Character Description
\b Matches a backspace
\t Matches a tab
\n Matches a new line
\e Matches an escape
  • CHARACTER CLASSES

A character class matches any one of the group of characters.

Character Description
[character_group] Matches any of character group.
[^character_group] Matches any of character, that is not of character group
[first character-last character] Matches any of character, that is not of character group
. Matches any single character except \n
\w Matches any word character
\W Matches any single character that in not a word character.
\s Matches a white-space
\S Matches any single character that is not a white-space
\d Matches any decimal digit
\D Matches any character that is not a digit

 

  • ANCHORS

Anchors are characters that cause a match to succeed or fail depending on the position of the characters in the string.

Character Description
^ The match must start at the beginning of the string
$ The match must occur at the end of the string
\b The match must occur between two boundaries

 

  • QUANTIFIERS

A quantifier specifies how many instances of the previous element (literal, group or character class) must be present in the string for a match to occur.

 

Quantifier Description
* 0 or more times
+ 1 or more times
? 0 or 1 time
{n} Exactly n times
{n ,} At least n time

 

Example 1: Email validation

Regex:  ^([a-z0-9_\.-]+)@([\da-z\.-]+)\.([a-z\.]{2,6})$

 

 

Description:

We begin by telling the parser to find the start of the string, followed by the first group of characters that matches with any character between letter a and z, any digit from 0 to 9, underscores, escape character and dot. The escape character before the dot means that dot should be interpreted literally. After that, there must be ‘@’ sign. At sign is followed by the second group of characters which represent the domain name. This group contains one or more digits, letters from a to z, underscores or dots. Then there is another escaped dot, with the extension that must contains 2 to 6 letters or dots. Finally, we end with the $, which represents the end of the string.

Example 2: Albanian telephone number validation

 

Description: ^ asserts position at start of the string. The number starts with or ‘+’, followed by the prefix for international calls 355. Number may be formatted separated or not, by a white space, a hyphen or a dot. Next comes the area code within Albania, which contains from 1 to 3 digits. Area code is followed by 6 digits separated or not between every group of thousands. Finally, in this example the $ tells the regular expression to match anything at the end of the string.

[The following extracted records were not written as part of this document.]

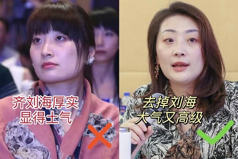 “刘海”是改变脸部印象的重点元素之一。宗馥莉摒弃了厚重的齐刘海,采用了趋于自然、偏分的刘海设计。这样的改变不仅缓和了脸部线条,也提升了整体造型的档次感。同时,我们也需要根据自己的脸型来判断,到底是选择“二八分”还是“三七分”的偏分刘海!
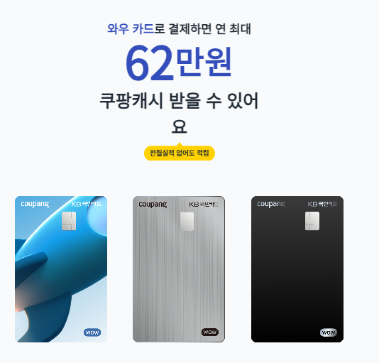쿠팡 와우카드는 kb 국민카드에서 출시하였습니다. 그래서, kb 국민카드 공식 홈페이지에서 발급 및 신청할 수 있습니다.
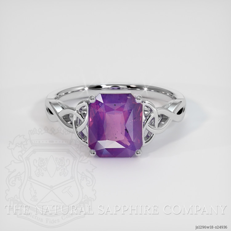 Celtic Pinkish Purple Sapphire Ring 4.05 Ct., 18K White Gold
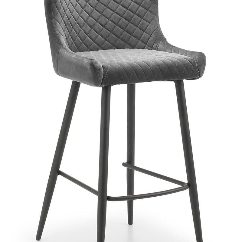Crafted from solid Elm wood and satin black powder coated steel, The Grafton Bar Table offers a suitable dining or drinking area for up to 4 people. Paired up with 4 striking Luxe Grey Velvet Bar Stools, with luxurious quilted stitching, adding a modern, industrial feel to any room.
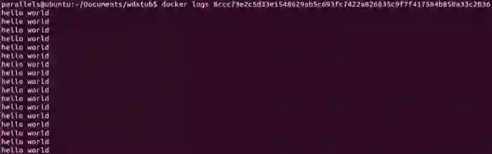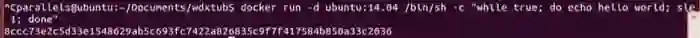 如果使用了 -d 参数运行容器 docker run -d ubuntu:14.04 /bin/sh -c "while true; do echo hello world; sleep 1; done",则显示是这样:
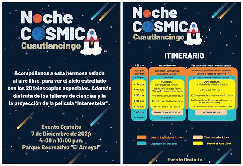 La Dirección de Economía y Turismo de Cuautlancingo invita a la ciudadanía a asistir a la “Noche cósmica,” éste sábado 07 de Diciembre en el Parque Recreativo “El Ameyal”, donde las familias podrán disfrutar de diversas actividades para chicos y grandes con un horario de 4:00 P.M. a 10:00 P.M.
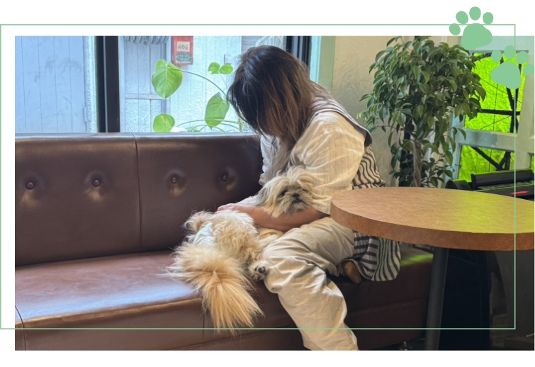 同じ空間にスタッフがおりますのでふれあいが初めて、不慣れな方でもわんちゃんと楽しく過ごせるようサポートいたします!
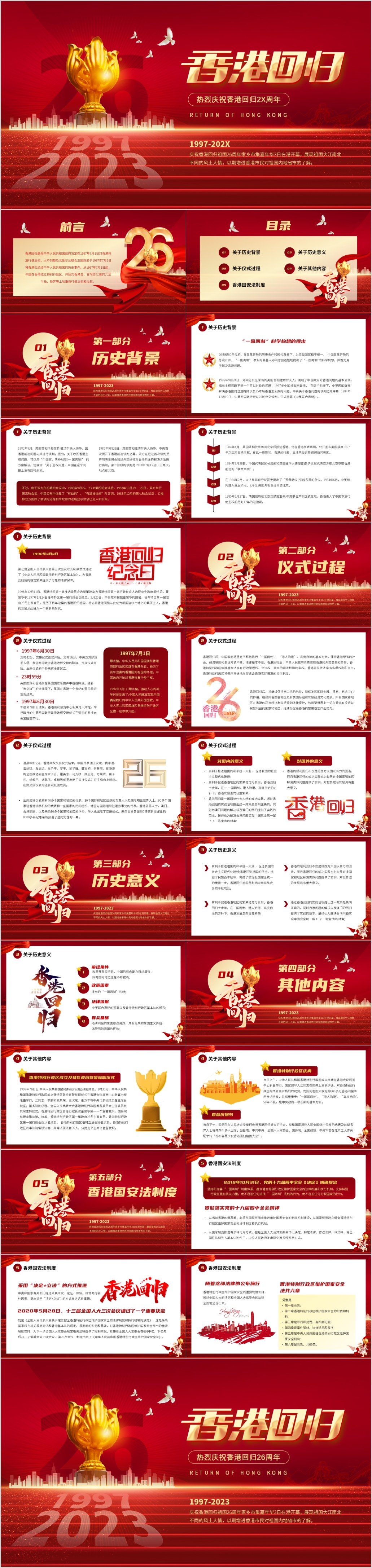 红色香港回归纪念日206周年爱国教育主题党课ppt模板
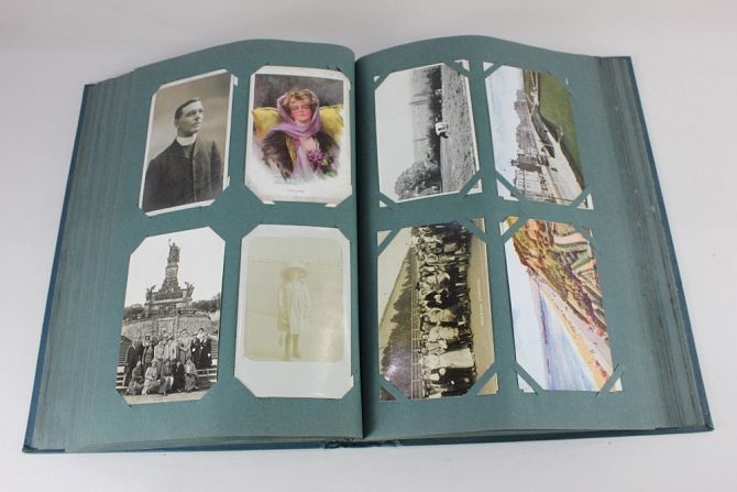 An album of early 20th century and later postcards, black and white and colour, mostly local views, topographical, humorous, famous paintings, to include 'Innocence' by Greuze, Bishops Avenue East Finchley, and Brighton Carnival
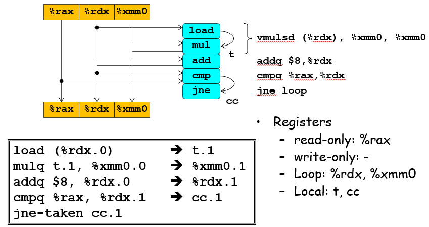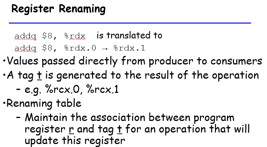 如果一个寄存器的值在一个指令序列中多次更改,则需要将其进行一系列的修改,而且为了区分老版本和新版本,需要对其进行重命名,具体来说不同阶段的寄存器如果被修改了值,就需要从%rax.0转变成%rax.1
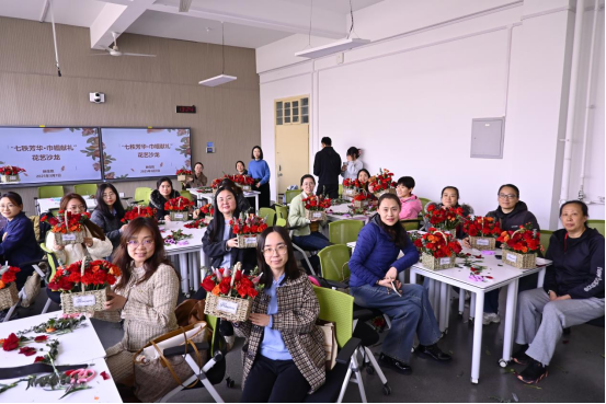 举办“七秩芳华·巾帼献礼”主题花艺沙龙,庆祝国际妇女节与建校70周年。女教职工通过创意插花,以艺术创作献礼校庆。

Strings that matches: +35542123123, 0355-42-123-123, +355 852123123

 

How to use regular expression in Notepad++

To finally solve the problem mentioned at the beginning, let’s see how we can use regular expressions in Notepad++ text editor.

 

  • At first, press CTRL+H in order to display the Find and Replace Modal.
  • Choose Regular expression as search mode.
  • In the find what field we will use the expression for the search pattern, and in replace with field we will put the expression for replacement.
  • In the Directory we will define the path of the directory containing the files we what to apply the replacement.
  • Finally, press Replace in Files.

 

Replace in files allows both finding and replacing. You can choose any extension filter and the containing folder.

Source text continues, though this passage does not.